--- START ---

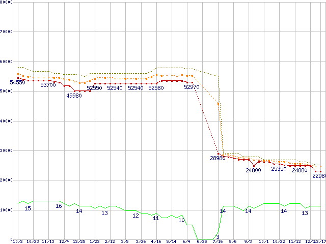 Core i7-870 (2.93GHz)の価格推移↑前グラフ↓次グラフ(2009年10月2日〜2010年12月17日)※このグラフは過去のデータも税率5%相当に調整した税込み相当額のグラフです。●関連グラフCPU主要製品の最安値推移CPU主要製品(最安値2万円〜3万円未満)の最安値推移Intel系CPUの最安値推移LGA1156 (L3キャッシュ8MB,Quad Core,Hyper-Threading,TDP 82〜95W)の最安値推移●凡例最安値(点線部は販売店未確認または未調査)平均値最高値ショップ数
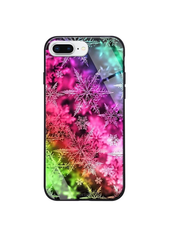 TPU+Glass чехол ForFun для Apple iPhone 7 plus / 8 plus (5.5") Разноцветные Снежинки / Розовый
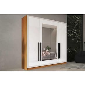 Material do Calceiro - Calceiro Metálico Material dos Cabideiros - Cabideira Metálico Tipo de Porta do Guarda-Roupa - Portas de Bater Material das Portas - Portas em MDF/MDP Diferenciais das Portas - Porta c/ Espelho Quantidade de Portas - 4 Portas de Abrir Quantidade de Portas com Espelho - 2 Portas com Espelho Tipo de Espelho - Espelho Externo Quantidade de Espelhos - 2 Espelhos Material das Gavetas - Gavetas em MDP Tipo de Corrediça - c/ Corrediças Telescópicas Quantidade de Gavetas - 4 Gavetas Tipo dos Pés - ABS/PVC Quantidade de Prateleiras - 6
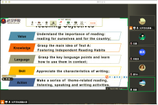 在8月16日的磨课活动中,课部主任文声芳老师就大学英语C(1)的所授单元Unit 7 Reading进行磨课,她以课程思政为指导,引导学生为中华之崛起而读书,以学生为中心,设计多种互动活动,锻炼学生的表达能力,始终贯穿任务型教学方法,明确每部分的任务。小组老师们就课程思政的角度、课程设计的方法展开了热烈讨论。
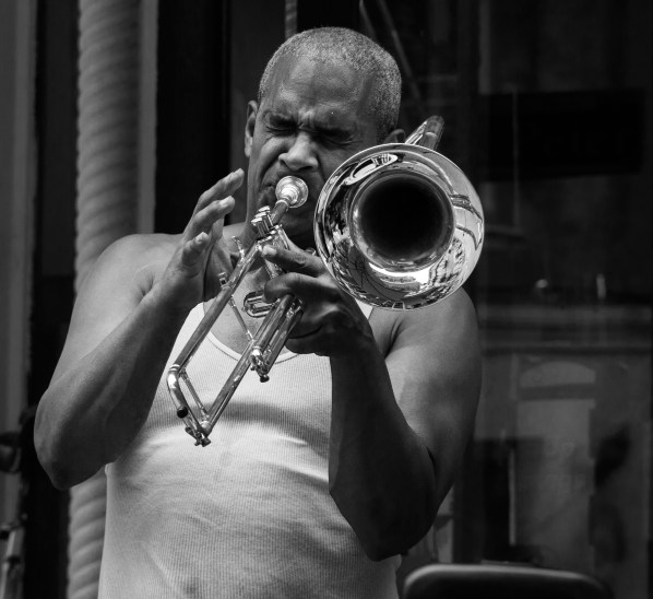 This trombone player was accompanying singer/clarinetist, Doreen Kitchens at the corner of Royal and Bourbon Streets. When he wasn’t actively playing he was either huffing on a cigarette or a pulling from a beer bottle.
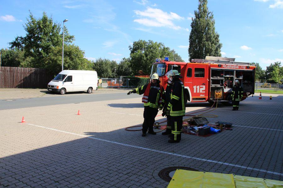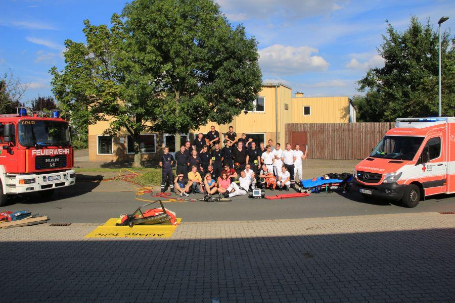 Nach einer kurzem Mittagspause ging es mit dem zweiten Praxisblock weiter. Zunächst galt es Material und… Maßnahmen des Rettungsdienstes kennenzulernen um anschließend das Zusammenspiel von Feuerwehr und Rettungsdienst zu trainieren.
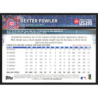 This is a 2015 Topps Update Dexter Fowler baseball card. The card is #US395 and pictures show condition.
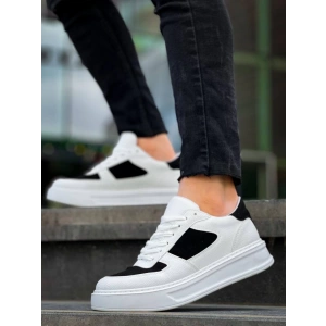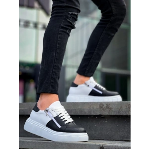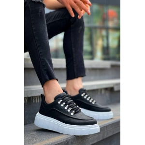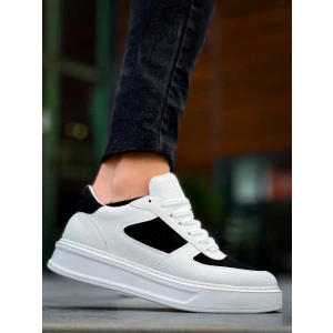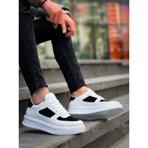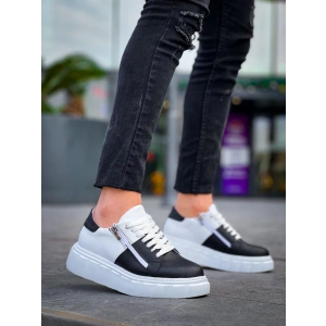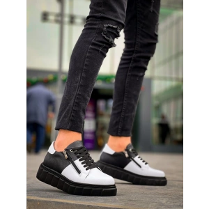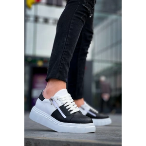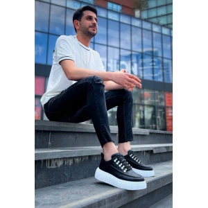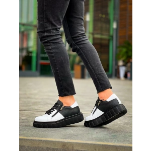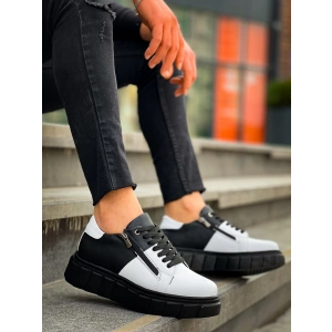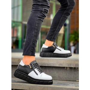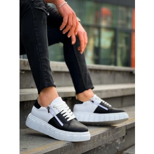KB-X155 Kuback Beyaz Cilt Siyah Cilt Detaylı Siyah Yüksek Taban Günlük Spor Ayakkabı

--- END ---

** THE TASK **
With the pictures left out, copy exactly the lines from the line holding "This trombone player" through the final line of the records, including both.

** SOLUTION FOR THIS TASK **
 This trombone player was accompanying singer/clarinetist, Doreen Kitchens at the corner of Royal and Bourbon Streets. When he wasn’t actively playing he was either huffing on a cigarette or a pulling from a beer bottle.
 Nach einer kurzem Mittagspause ging es mit dem zweiten Praxisblock weiter. Zunächst galt es Material und… Maßnahmen des Rettungsdienstes kennenzulernen um anschließend das Zusammenspiel von Feuerwehr und Rettungsdienst zu trainieren.
 This is a 2015 Topps Update Dexter Fowler baseball card. The card is #US395 and pictures show condition.
KB-X155 Kuback Beyaz Cilt Siyah Cilt Detaylı Siyah Yüksek Taban Günlük Spor Ayakkabı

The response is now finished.